Motivation

Sustainable energy and chemical production largely hinges on the development of catalysts that efficiently transfer energy into molecules for storage (e.g. H2O oxidation or CO2 or N2 reduction into feedstocks for fuels or fertilizers). Doing so would open doors for renewable technologies to produce useful fuels and chemicals from O2, water, CO2, and N2.

KeithGroup cycle

Figure adapted with permission from 
(Olah, G. A.; Prakash, G. K. S.; Goeppert, A.  J. Am. Chem. Soc. 2011, 133, 12881-12898). 
Copyright (2011) American Chemical Society. 

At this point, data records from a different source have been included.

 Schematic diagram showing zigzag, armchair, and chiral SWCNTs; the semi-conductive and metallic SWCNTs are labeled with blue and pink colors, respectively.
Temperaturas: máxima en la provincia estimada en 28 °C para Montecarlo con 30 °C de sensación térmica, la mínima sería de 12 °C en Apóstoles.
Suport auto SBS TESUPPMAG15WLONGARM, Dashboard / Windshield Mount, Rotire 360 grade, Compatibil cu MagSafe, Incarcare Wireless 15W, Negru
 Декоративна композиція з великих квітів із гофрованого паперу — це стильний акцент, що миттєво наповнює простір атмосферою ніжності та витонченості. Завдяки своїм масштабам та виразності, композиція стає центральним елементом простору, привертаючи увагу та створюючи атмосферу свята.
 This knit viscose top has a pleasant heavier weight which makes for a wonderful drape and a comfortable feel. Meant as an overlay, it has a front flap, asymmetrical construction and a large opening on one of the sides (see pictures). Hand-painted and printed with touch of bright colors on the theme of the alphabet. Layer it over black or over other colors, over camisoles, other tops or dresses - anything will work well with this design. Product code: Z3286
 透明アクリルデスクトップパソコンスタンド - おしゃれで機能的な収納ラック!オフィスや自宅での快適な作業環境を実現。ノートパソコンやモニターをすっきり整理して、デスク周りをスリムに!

A key hurdle in all of these processes is understanding how to drive multi-proton and electron transfers in a way so that products are made efficiently (i.e. with low overpotentials and high faradaic efficiencies). Having a quantum-level understanding of when and why good catalysts function and to what extent they can be improved would give guidance for rationally designing more sustainable processes. 

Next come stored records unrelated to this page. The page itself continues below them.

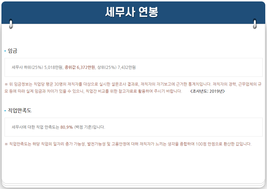 한국고용정보원에 따르면 세무사의 평균 연봉은 6,372만 원이고, 상위 25%는 7,432만 원, 하위 25%는 5,018만 원입니다.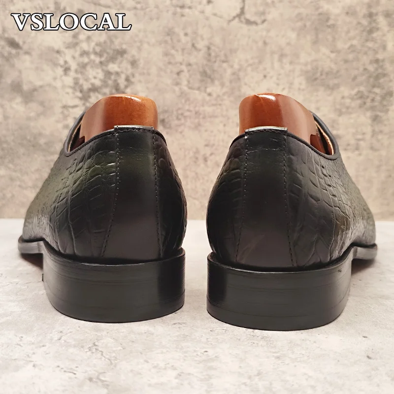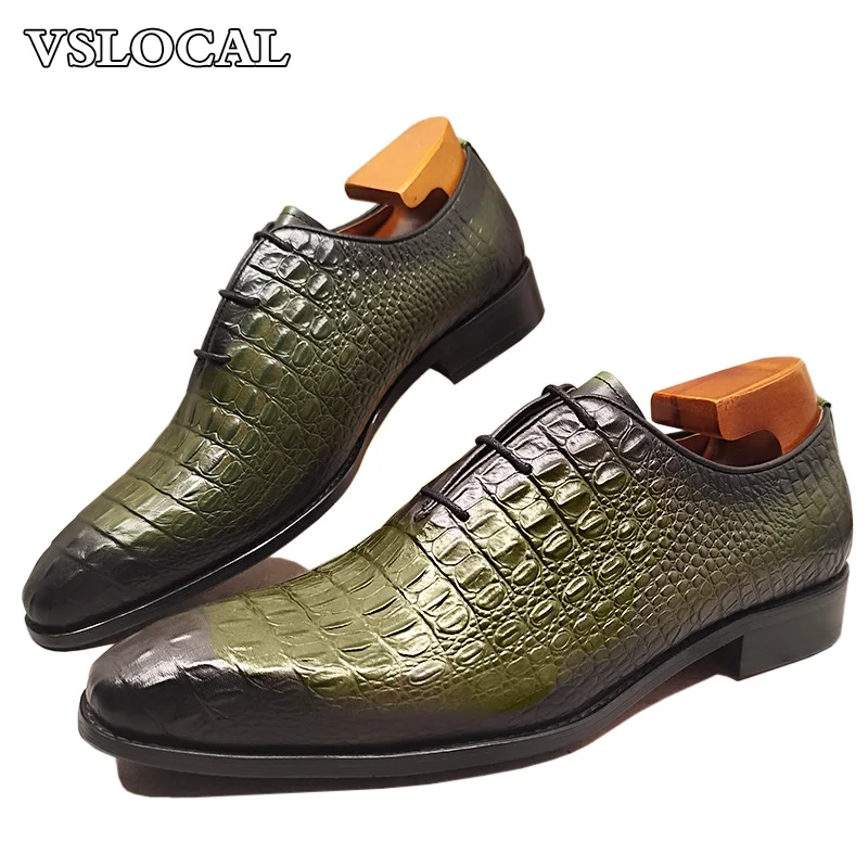 Luxury Men Oxford Shoes Green Black Croco Print Casual Mens Dress Shoes Lace up Wedding Office Genine Leather shoes men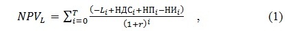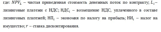 При расчете будут учитываться следующие денежные потоки по лизинговому контракту: лизинговые платежи с НДС; возмещение НДС, уплаченного в составе лизинговых платежей; экономия по налогу на прибыль; налог на имущество. Таким образом, формула расчета оценки эффективности лизинга имеет вид: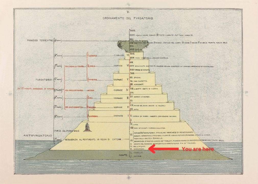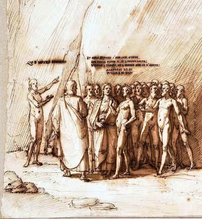 Welcome to Dante Book Club, where you and I descend into Hell and Purgatory to be able to ascend to Paradise. Our guide is the great Roman poet Virgil and in this Third Canto of the Purgatorio, we meet the Late Repentant and the Excommunicated. You can find the main page of the read-along right here, reading schedule here, the list of characters here (coming soon), and the list of chat threads here.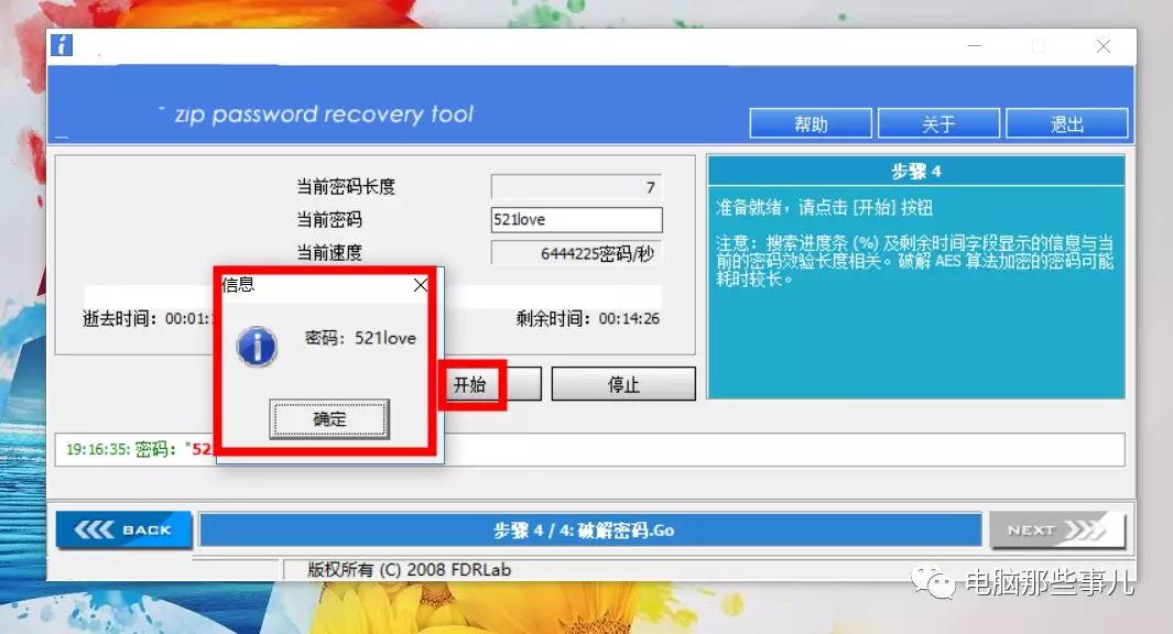 6、最后点击“开始”,即可进行密码破除。破除过程中可以随时点击停止,返回去重新设置破除设定。(效果如下)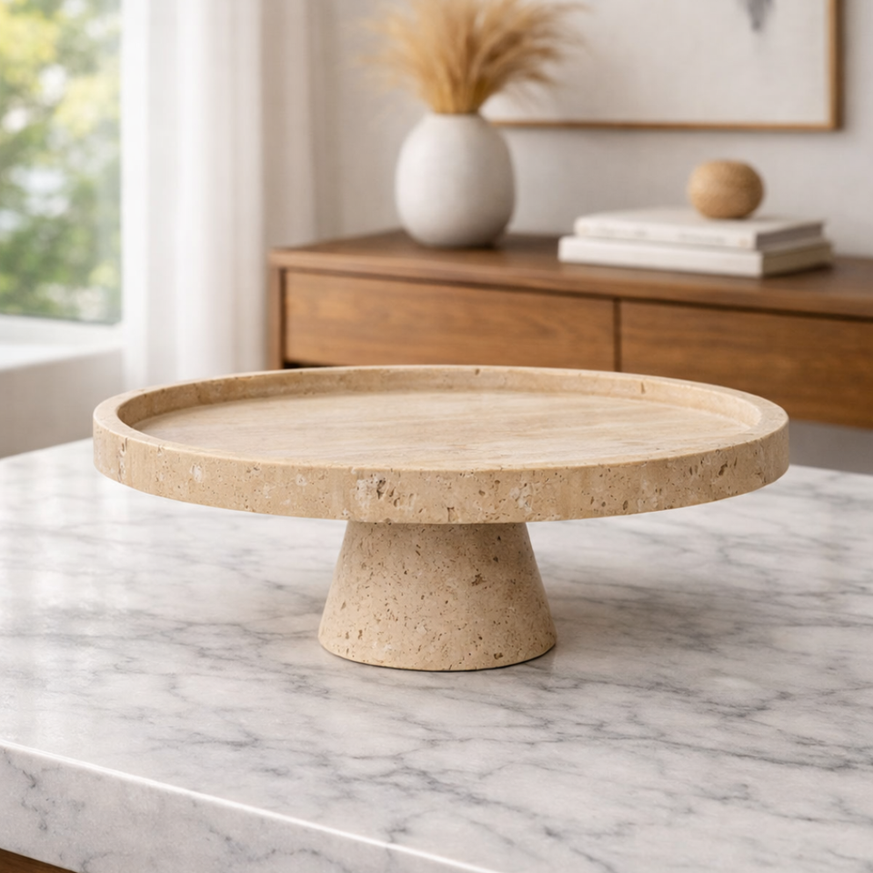 แท่นวางของทำจากหินอ่อนทราเวอร์ทีนสุดหรู ถาดโชว์เค้กหินธรรมชาติ ชามตกแต่งกลางโต๊ะทันสมัย งานแฮนด์เมด ขายส่ง

We approach this problem using a variety of computational chemistry tools to enable predictions of potential energy surfaces to better understand reaction pathways and ensembles of mechanisms. Our group carries out computational investigations to determine the underlying thermodynamic energies and kinetics of reaction steps under their actual operating conditions. With this information we bridge a continuous understanding of homogeneous, heterogeneous, and biomimetic reaction mechanisms to aid the design of next-generation catalysts.